Little mate? I question inwardly. I know some people use the term mate as ‘friend’ or ‘buddy’. Was he referring to me as friend?. I continue to think it over unable to make eye contact as the lesson starts.
The entire class time I was a nervous wreck and I couldn’t concentrate because throughout the class I’d catch him staring.
Soon class is over and I rush out before anyone. Eventually, I’m led to deal with the antics of Jason and his friends, not willingly.

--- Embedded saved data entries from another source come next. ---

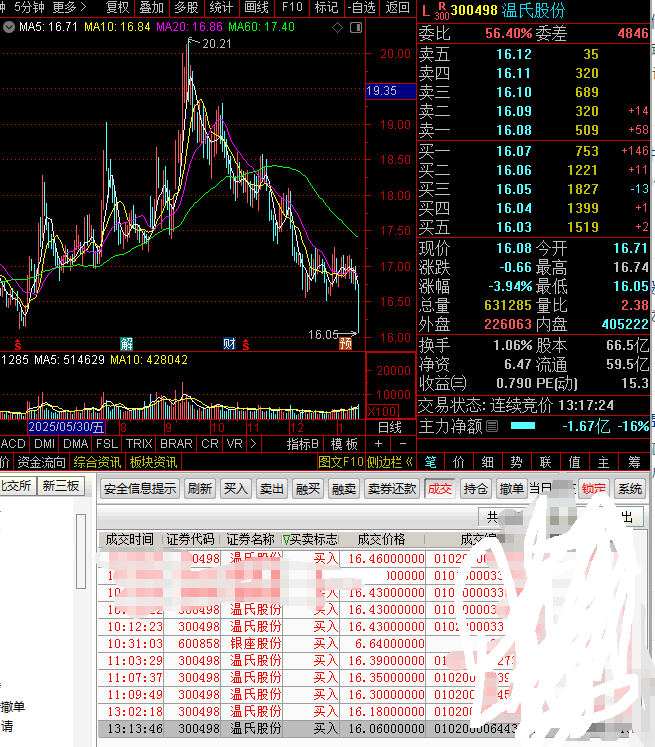 1月16交割:进。温氏股份16.06算最低?猪肉周期底位置。神仙打架牛市新低放量。今天只要是吃猪肉,除了早上进的$康强电子(SZ002119)$ $沃尔核材(SZ002130)$ $罗平锌电(SZ002114)$ 这些是早上进场的肉,下午就一路吃猪肉了。
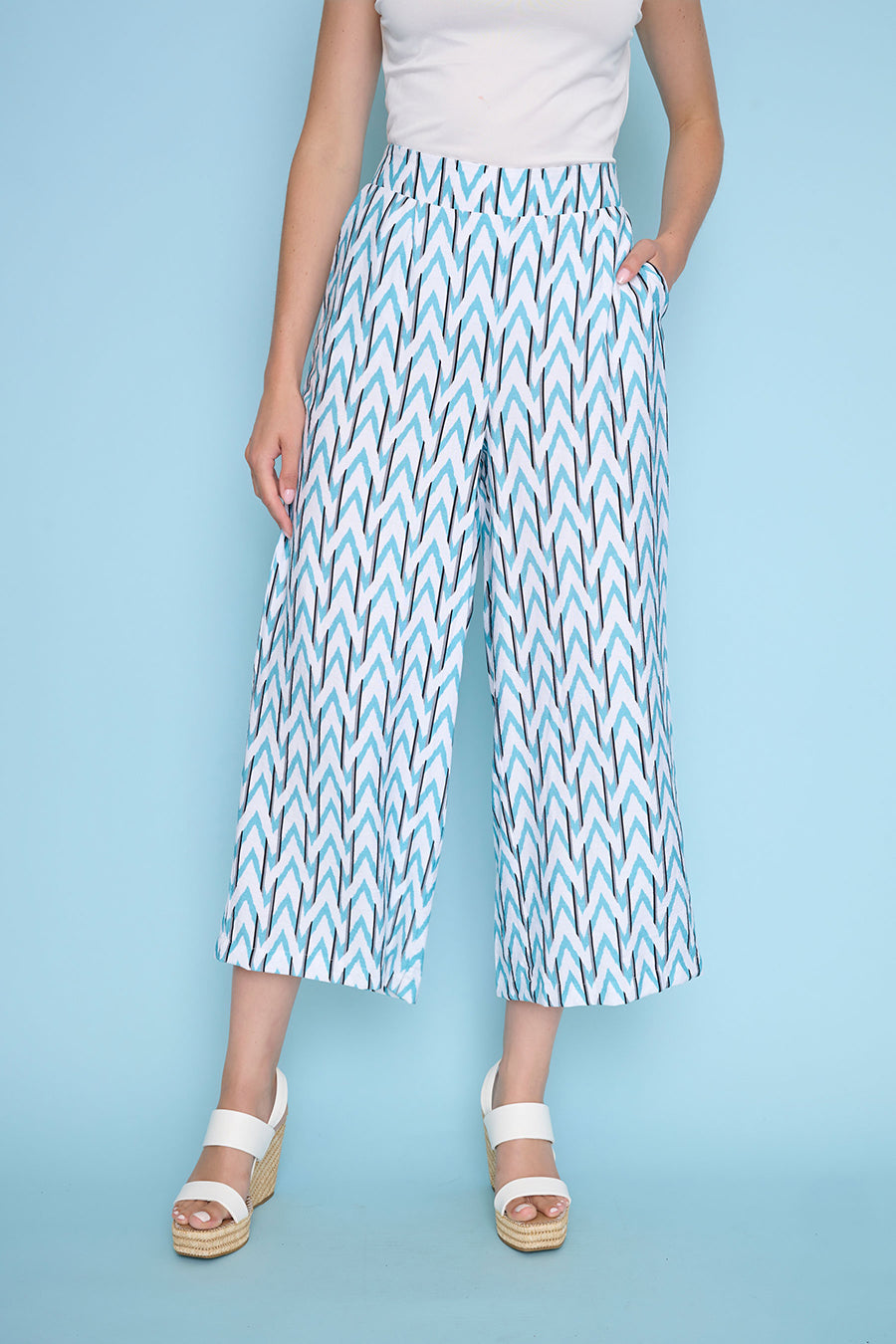 Zigzag Wide-Leg Cropped Pants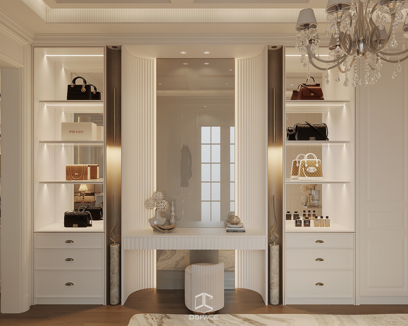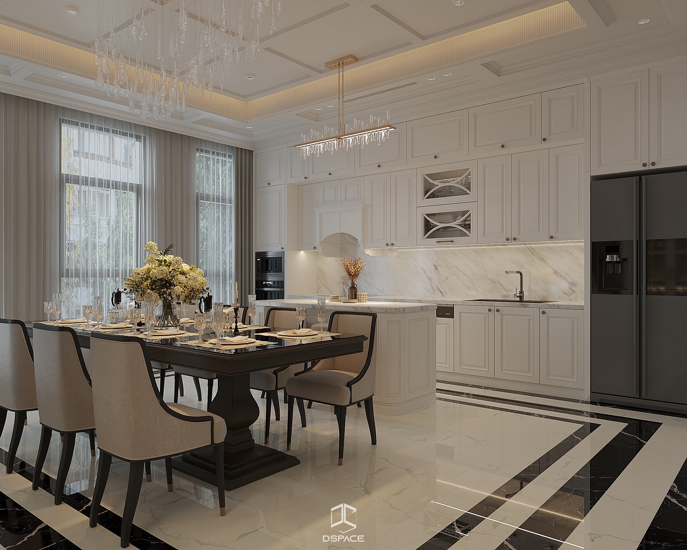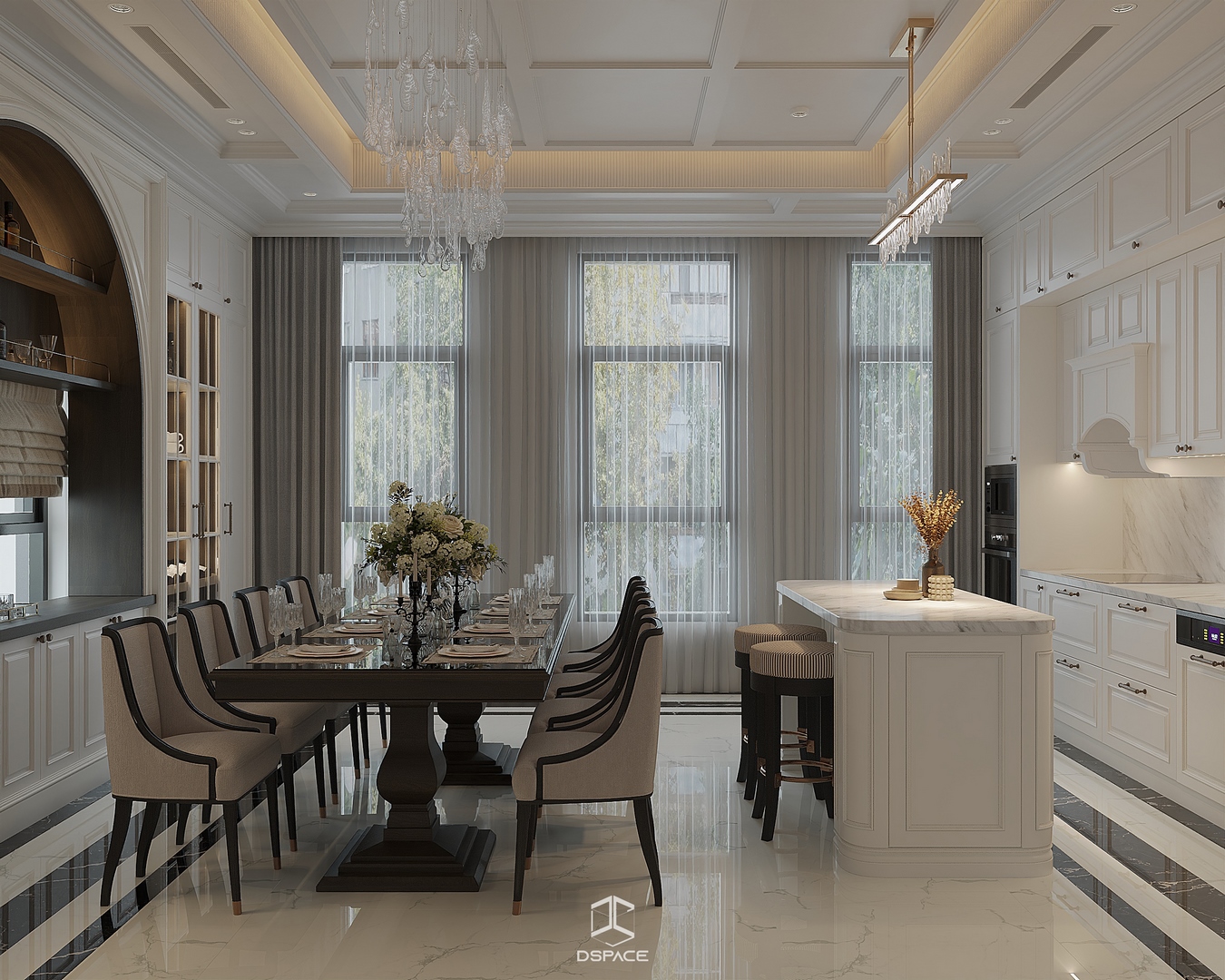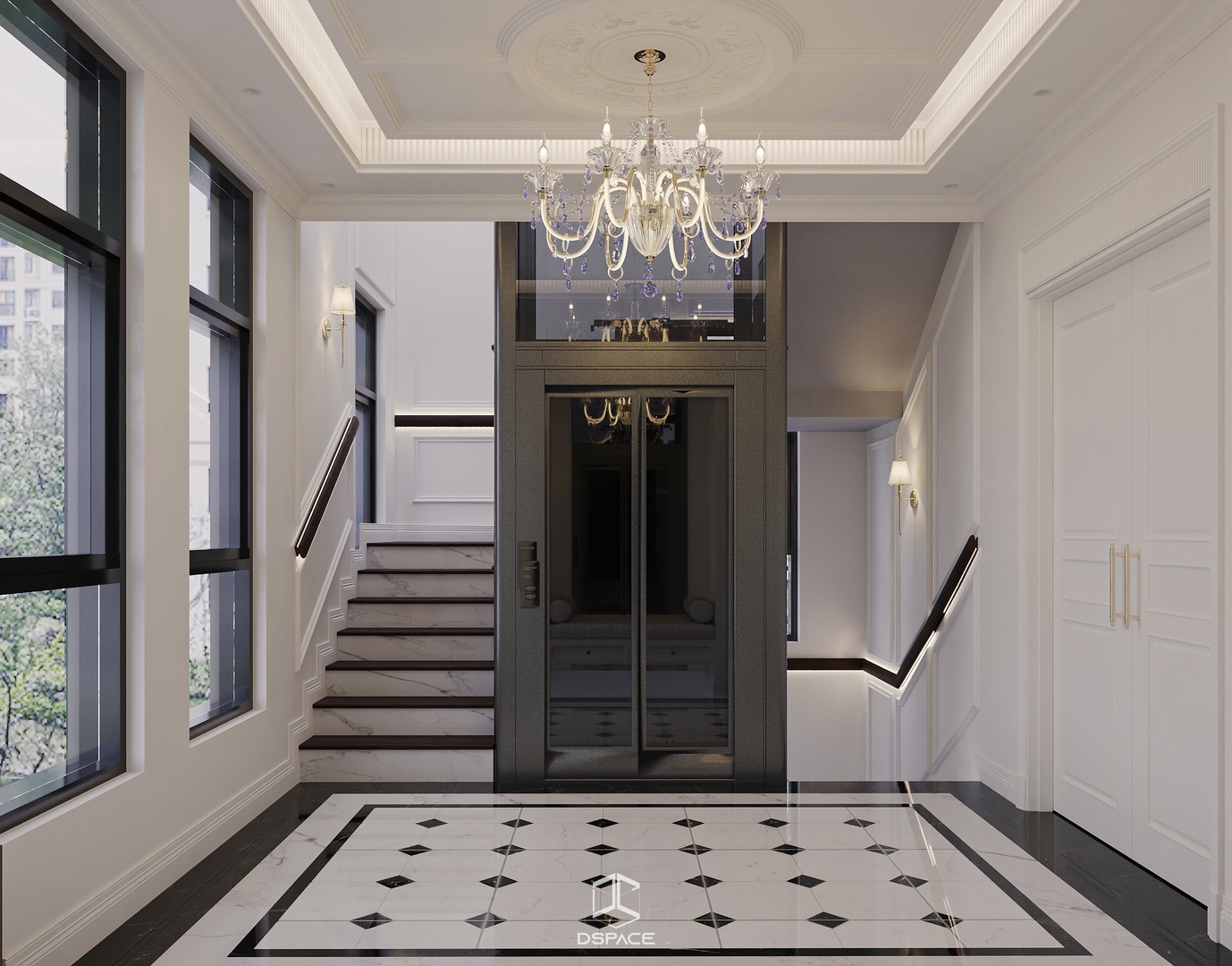Tại khu đô thị Louis Hoàng Mai, Nội thất Dspace tiếp tục thiết kế thi công trọn gói căn biệt thự liền kề 5 tầng, diện tích 450m²/5 tầng, mang tinh thần Neo Classic chỉn chu và giàu chi tiết.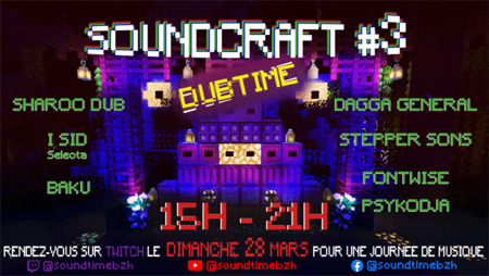 Soundtime est fier de vous présenter SOUNDCRAFT qui revient pour une 3ème édition en direct sur Minecraft et rediffusé en live sur Twitch. Rdv à 15h le dimanche 28 mars 2021.
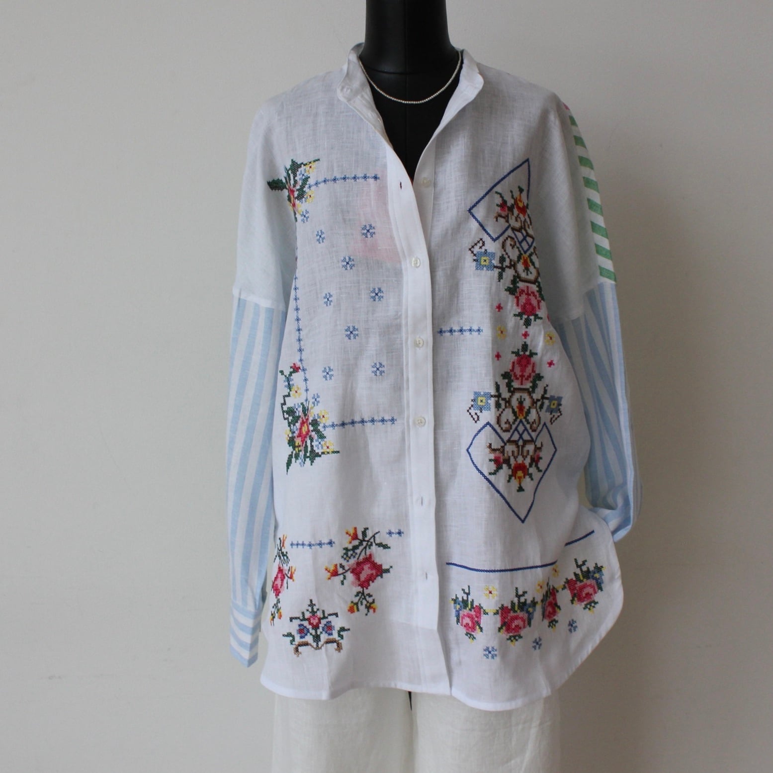 このブラウスは、パンツやスカート、デニムパンツと合わせることで、多彩なスタイリングが楽しめます。また、ジャケットやカーディガンとのレイヤリングで、季節の変わり目にもぴったりのコーディネートを実現します。VILAGALLO ホワイト刺繍✖️マルチカラーストライプポイントスタンドリネンシャツブラウスで、あなたのワードローブに新たなエレガンスを加えてみてはいかがでしょうか!

“Aurora”, Jason calls, but I don’t stop I continue telling myself he’ll go away. He repeatedly says my name which catches everyone in the hallways attention and again I ignore him. This enrages Jason causing him to walk hurriedly to me and grip my arm as hard as he could.
I wince locking eyes with the new boy who seemed so furious at how I was being man handled.
Soon Jason is leaning in to kiss me and I’m not taking his advances. I wiggle my face around denying him access to my lips angering him more. This causes him to pull my hair a bit, I cry out in pain and someone speaks.
“Let. her. go”, the new boy warns and I want to melt right there. I don’t know how it’s possible, but his voice held so much authority and I could feel it rolling off of him like waves.
Jason laughs wickedly making sure to move his grip from my hair to my wrist making sure it was a death grip like this morning.
“She’s my girlfriend Grayson, I can touch her if I want”, he defends his actions.
That’s his name Grayson I thought to myself pleased with how it sounded.
Bringing myself back to the situation I see how they’re eyes are locked on one another and I’m scared. I see their mouths moving, but I hear no words.
Next thing I know, Jason is throwing the first punch and Grayson is on top of him getting him blow after blow.
I felt beyond terrified, but relived Jason let his death grip go on my now slightly bruised wrist.
I rush into the girls room immediately going into a stall, locking it and crying.
A knock sounds lowly echoing the bathroom as if asking for permission to enter, but I’m unable to respond crying harder and harder at each attempt to stop.
When the door opens I shove my head between my knees and wrap my arms around myself trying to comfort myself. I try to hold the tears and crying in hopes they don’t hear me, but it’s no use.